Addition of DCD significantly hindered the nitrification process mainly by inhibiting the AOA in our five acidic soils, and no significant inhibition effect on AOB was found throughout the incubation. Inhibition of soil ammonia oxidation by DCD has been investigated extensively (Di et al., 2009, 2010; O’Callaghan et al., 2010), however, as far as we know, it is the first finding that AOA was significantly inhibited by DCD in a soil microcosm study. DCD has been found to reduce or inhibit the nitrification rate mainly by binding to the active sites of AMO enzyme and impairing the activity of ammonia oxidizers to take up and utilize ammonium resources (Amberger, 1989; Zacherl and Amberger, 1990). As shown in DGGE profiles (Figure 7a), two bands representing active nitrifying groups of AOA were significantly reduced by the nitrification inhibitor DCD. Moreover, addition of DCD effectively impeded the CO2 fixation of thaumarchaea, and decreased the relative proportion of thaumarchaeal amoA genes in the high buoyant density region of CsCl gradients. Hence, DCD might inhibit the nitrification activity in acidic soils by mainly targeting the active groups of AOA in this study. Thus, DCD is not a selective nitrification inhibitor exclusively targeting AOA or AOB, but the dominating ammonia oxidizer group is affected by DCD to a greater extent. This hypothesis was well supported by the similar observations that growth of AOA was inhibited by a nitrification inhibitor acetylene in soil microcosms where AOA dominated ammonia oxidation (Offre et al., 2009; Gubry-Rangin et al., 2010; Zhang et al., 2010).

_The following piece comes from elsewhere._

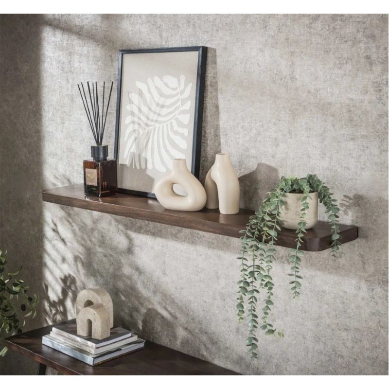 Półka ścienna MAVI to idealne rozwiązanie do salonu lub biura urządzonych w stylu nowoczesnym. Doskonale wpisuje się zarówno w minimalistyczne jak również przestronne wnętrza. Ta niezwykle funkcjonalna półka o wymiarach 120x20,5 cm doskonale nada każdemu wnętrzu przytulnego charakteru. Całości mebla wykonana jest z dużą precyzją z lakierowanego litego drewna akacji w brązowym kolorze, a dzięki zachowanej oryginalnej strukturze drewna w postaci sęków i słojów uwydatniona została jej naturalność drzewa. Mebel ten bez wątpienia pozwoli wyeksponować ulubione książki, dekoracje i fotografie. Dodatkowym atutem jest nie tylko wygląd, zaokrąglone krawędzie, kształty, funkcjonalność oraz praktyczność, ponieważ została zaprojektowana głównie z myślą o organizacji przestrzeni. Swoją elegancją, stylem oraz wyrazistością doskonale wzbogaci każde wnętrze urządzone w stylu nowoczesnym oraz boho.

In conclusion, our studies demonstrate a significant and previously unrecognized contribution of thaumarchaea to mediate the autotrophic nitrification in strongly acidic soils. This result will greatly improve the understanding of the nitrogen-transformation processes in widely distributed acidic soils. The first observation of DCD inhibition on AOA in this study and previous findings of DCD inhibition on AOB suggest that DCD will be a promising nitrification inhibitor to prevent the environmental degradation imposed by intensive fertilization and promote nitrogen fertilization efficiency, which will generate enormous economic impacts in agricultural ecosystems.